All the Sex I’ve Ever Had: Live review | HOTA | October 3, 2018

It’s a little difficult to write a review about a play when there is a caveat at the beginning that “What happens at ‘All the Sex I’ve Ever Had’ stays at ‘All the Sex I’ve Ever Had’.” Director, Darren O’Donnell’s request at the outset of this brilliant and sometimes confronting show at HOTA last night, turned out to be more than reasonable. The panel of six over-65-year-olds were more than generous in openly sharing their sexual experiences over the course of their lives, and given that these are all Gold Coast locals (who we in the audience are quite likely to bump into at the supermarket), I am more than happy to keep the details of their extraordinary experiences to myself.

‘All the Sex I’ve Ever Had’ is theatre like I’ve never experienced before. The ‘play’  developed by Mammalian Diving Reflex’s O’Donnell, has been performed around the world since 2010. Locals over the age of 65 in each city are interviewed for four hours, and their stories are condensed into vignettes that are bravely presented over the timeline from birth to the present by the locals themselves. A feat that would require enormous courage in any big city where anonymity is more assured, but allowing oneself to be openly vulnerable in a smaller regional city such as the Gold Coast deserves respect.

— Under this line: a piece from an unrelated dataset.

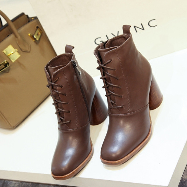 [론데즈메종] 리얼소가죽 아웃솔 끈 마틴 숏부츠힐 (2Colors)

The play is not just about past and current sex. Starting in 1941 when the first vibrant panelist was born, the experiences shared are about everything from awkward first sexual experiences, various partners, sex in different countries, same sex experiences, sex while on drugs, experimental sex, group sex, and casual sex, to heartbreak, rape, abortion, controlling and cheating partners, loss of children, addiction, and self sabotage. All this imparted with humour and sincerity. These people have lived fearless, uninhibited lives, and seeing them up on stage breaking into dance a couple of times, joking around with each other, and candidly discussing their hopes for sex in the future was a joy to watch. This was as much a play for young people as older peers of the panel. Millennials to Gen Ys should be inspired the hope that sexual adventure need never end, as long as judgement and trepidation are abandoned.

A warning that audience participation is a big part of the show. No-one has to take their clothes off or perform embarrassing acts, but O’Donnell and co-writer/producer Felicity Nicols walk around the audience with microphones for those audience members forthright enough to answer the panel’s questions about sticky topics such as heterosexuals who’ve had same-sex experiences, early sex as children with inanimate objects, and cheating on their partners.

I thought I was pretty open-minded and had had a reasonably active sex life over the years, but after seeing this show I felt like a narrow-minded prude. I asked one panel member after the show whether the panel was skewed toward more extroverted, sexually uninhibited people and she agreed that people with less diverse and less frequent sexual experiences in life would have been unlikely to come forward for the auditions let alone share their experiences up on a stage. So there was no need to feel inadequate. This bunch of seniors are sexual rock stars!